Mean survival time of the study mice was prolonged by the extract indicating reduced pathologic effect of the parasite on the study mice due to suppression of P. berghei. However, both of the 2 substances, the extracts and the standard drug, failed to cure the infection. Even the lowest dose, 200 mg/kg, of the extract pronged survival time up to 13 days. As a principle compound that prolonged survival time beyond 12 days, it is regarded as active (25).

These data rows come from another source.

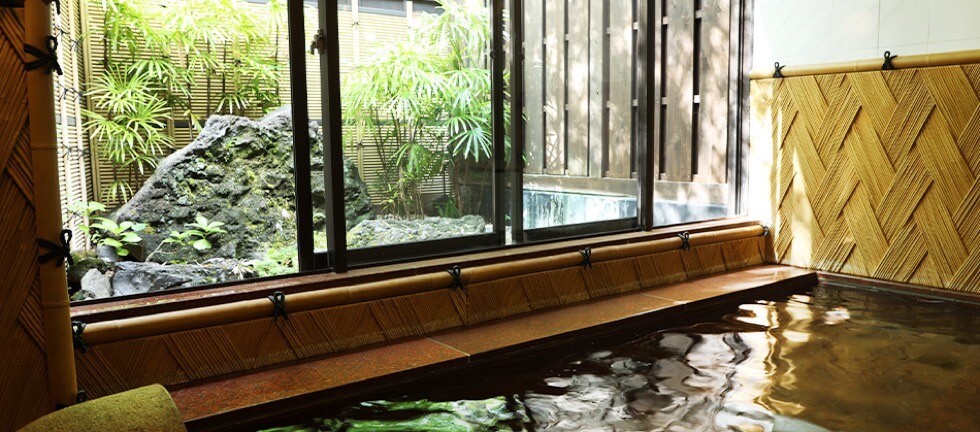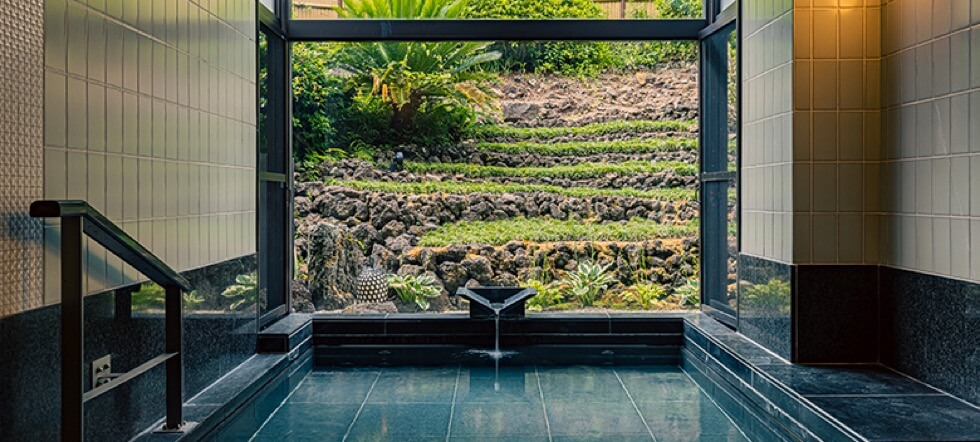 本館にある大浴場と中浴場。大浴場は露天風呂と内風呂、貸切サウナがあります。内風呂は広々としているので、足を伸ばしてゆっくりと入浴しましょう。内風呂と貸切サウナの中浴場は、石造りの小庭を望む浴場で2人〜3人が入るのにちょうどいい大きさ。プライベート感も楽しめます。男女入れ替え制なので、ぜひそれぞれの浴場を堪能して。また、どちらの浴場にもシャンプーバーが充実。種類も豊富です。さらに一人専用の貸切サウナは空いていれば利用OKなので、ととのう体験もできますよ。
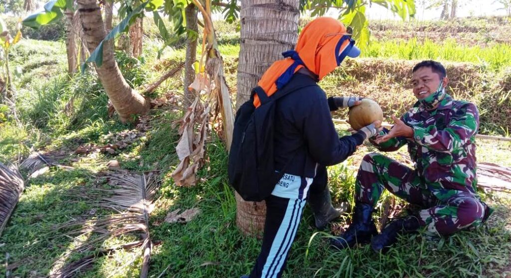 ”Setelah konsumsi air kelapa muda, kami merasakan stamina yang terkuras terasa kembali dan tubuh fit kembali,” uajar Serda Setiar, salah satu anggota Satgas TMMD Kodim Karanganyar .
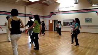 7-8    	Cross left toe slightly in front and across right, slap heel down as you click your fingers
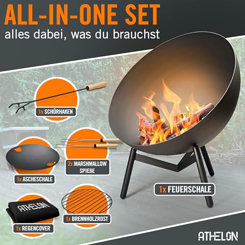 - 🔥UMFANGREICHES ZUBEHÖR - Das Feuerschalen-Set enthält: ✓ kleine Feuerschale, ✓ Schürhaken, ✓ Ascheschale, ✓ Brennholzrost, ✓ Regen-Abdeckung, ✓ zwei ausziehbare Lagerfeuer-Spieße!

Antimalarial studies usually employ in vivo models since the possible prodrug effect as well as probable interference of the immune system in eradication of the pathogen are involved in these models (26). Non-primate animal models are not infected by Plasmodium species that cause human disease. As a result, the rodent malaria parasite called P. berghei, which is sensitive to CQ, is employed for in vivo evaluation of antimalarial activities in rodents (27). Three recommended methods were employed to determine the most important parameter, parasitaemia inhibition rate, including the Peter’s 4-day suppressive test, Rane’s test, employed to investigate curative effect in already established infection, and the repository test for prophylactic activity test.
The current study showed that the extract displayed significant suppressive effect against all test protocols. Though less effective when compared to that of the standard drug, the extract significantly reduced parasitaemia in a 4-day test. To be considered active, a given compound should reduce parasitemia at least by 30%, which supports the result of parasite inhibition in the present study (28). Almost comparable reduction of parasitaemia count was observed in the curative test in relation with the values recorded for parasitaemia count in the suppressive test.
In conclusion, the extract displayed significant antimalarial activity in the mice model with a good toxicity profile. It also prolonged survival time of the mice. This promising result from the crude extract can be a starting point to seek for bioactive constituents through fractionation and development of new drugs. The present study confirmed the traditional practitioners’ claim for the use of the plant against malaria.